E com estas palavras de um fado nostálgico, como só o fado sabe ser terminou a reportagem televisiva de um mundo encantado que é o mundo do desporto.
Chamaram-lhe a "Corrida contra o tempo" e fez-me lembrar um post que escrevi há alguns meseS atrás com o mesmo título. O meu falava da corrida pela vida numa tentativa de vencer o cancro que alastrava no corpo da minha filha. Ela, nessa corrida contra o tempo, legou-nos um testemunho maravilhoso de Amor e Coragem, de Força de Viver e Determinação. Ela corria pela vida. Eu corria por ela.

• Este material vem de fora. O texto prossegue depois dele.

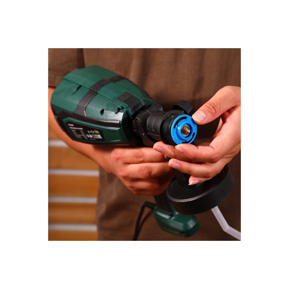 - Поворотный регулятор формы факела, дальности распыления, расхода краски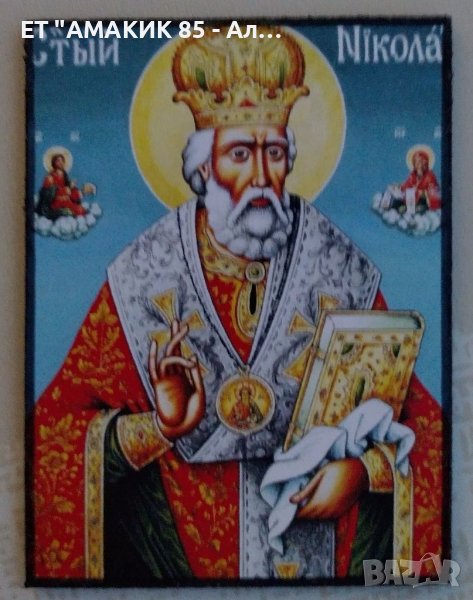 Иконите са с размери 8 см височина 6 см ширина и 2 мм дебелина. Видовете икони които предлагам са: Св. Троица, Иисус Христос, Св Йоан Кръстител, Св. Св. Петър и Павел, Св. Атанасий Велики, Св. Антоний Велики, Св. Василий Велики, Св. Николай Чудотворец, Св. Мина, Св. Димитър Солунски, Св. Георги Победоносец, Св. пророк Илия, Св. Йоан Рилски, Св. Петка и Св. Св. Вяра Надежда и Любов.

Ou melhor, foi nessa altura que comecei a correr.
A "Corrida contra o Tempo" que vi hoje trouxe-me também muita emoção. Lágrimas rolaram-me pelas faces sem que o pudesse evitar. Estava perante um testemunho, igualmente maravilhoso, de um punhado de homens e mulheres veteranos, para quem a Força de Viver, a Coragem e a Determinação são modos de ser e estar na vida.
Que dizer também do espírito de união, da esperança no futuro, da certeza do momento presente e de "nunca ser tarde para começar?"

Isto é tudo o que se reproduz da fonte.